Shanker A. Singham is the Chairman of the Legatum Institute’s Special Trade Commission on trade.
The recent court case requiring the Government to put the issue of triggering Article 50 to Parliament underscores the need for a resolution of precisely how parliament will interface with the trade negotiating process – that’s to say, in relation both to the extraction from Europe and the new relationship with it, as well as to other agreements around the world that might be in play, provided the UK is outside the Customs Union and the EEA.

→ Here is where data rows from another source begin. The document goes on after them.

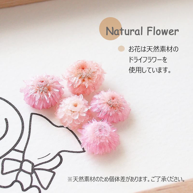 自然素材のお花でデコレーションしたグリーティングカード。フレームに入っているのでもらった後に飾ることができる贅沢なカードです!
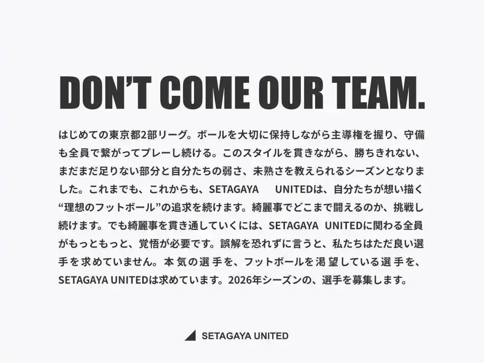 SETAGAYA UNITED、2026シーズンに向けた選手募集を開始。
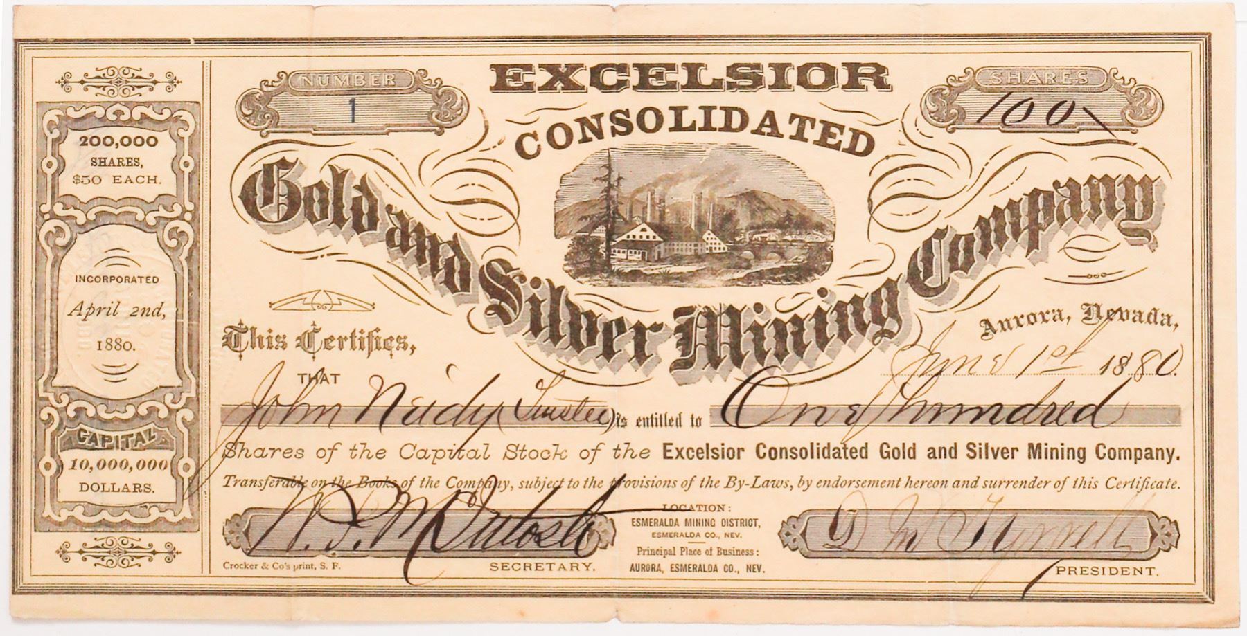 This certificate is steeped in Aurora and Nevada history! First of all it stock certificate NUMBER 1. Second it is Aurora 1880. Third it is signed by John Neidy (Aurora's longest resident and owner of the Neidy brick building on Pine Street), Waddy McIntosh (Aurora miner) and D. M. Tyrrell (superintendent of the Overman, Belcher, Yellow Jacket, Meadow Valley, Richmond & Ely and Aurora properties). Issued for 100 shares to John Neidy trustee (endorsed on back by Neidy). Signed by W. P. McIntosh and president D. M. Tyrrell. Dateline Aurora June 1, 1880. Incorporated April 2, 1880. Not cancelled. Mining buildings vignette. Crocker & Co. of San Francisco. printer. Location of mines: Esmeralda Mining District, Esmeralda Co., Nev. Principal place of business: Aurora, Esmeralda Co., Nev. Folds with small tears at edges. Overall nice. The only information I found on this mine was on the certificate. It may have been sold in 1881 by Mitchell for a large sum of money? Biographical information on the three Aurora citizens is included.
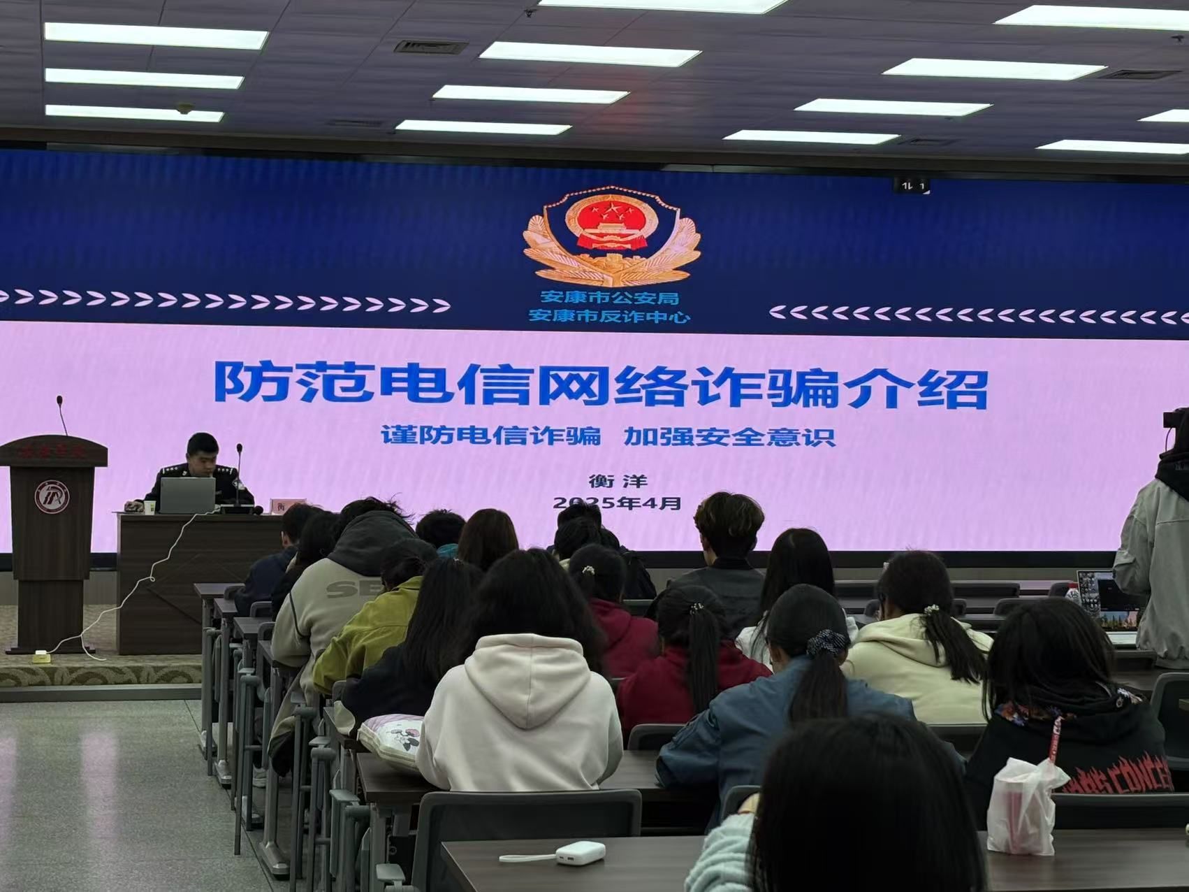 讲座中,安康市公安局民警衡洋结合多年办案经验,围绕电信网络诈骗的本质特征、本地诈骗犯罪严峻态势、防范要点及遭遇诈骗后的科学处置方法四个维度进行了系统讲解。衡洋以近年来大学校园内发生的典型案例为切入点,生动揭露了电信诈骗的多样手段,包括网络客服退款骗局、贷款信用卡诈骗等。他详细分析了各类诈骗手法的特点、运作机制及识别技巧,引导师生从诈骗分子的话术、行为模式等细微之处精准辨别陷阱。
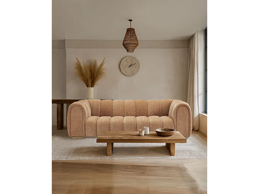 Cara - Canapé 3 places en tissus velours camel

Many countries that have authority to negotiate their own trade agreements have wrestled with this problem. What is uniformly understood is that no nation will negotiate with another countries’ parliament or congress. Theresa May was in India last week, discussing a potential free trade agreement with India. If the UK remains part of the EEA, then no such agreement can be reached, because the UK will need to negotiate a services deal which will require it to put its own domestic regulation on the table – which it cannot do if still part of the EEA. Similarly, there is simply no way that the Indian government will negotiate any deal of any kind with the UK parliament. So how do trade deals actually get struck?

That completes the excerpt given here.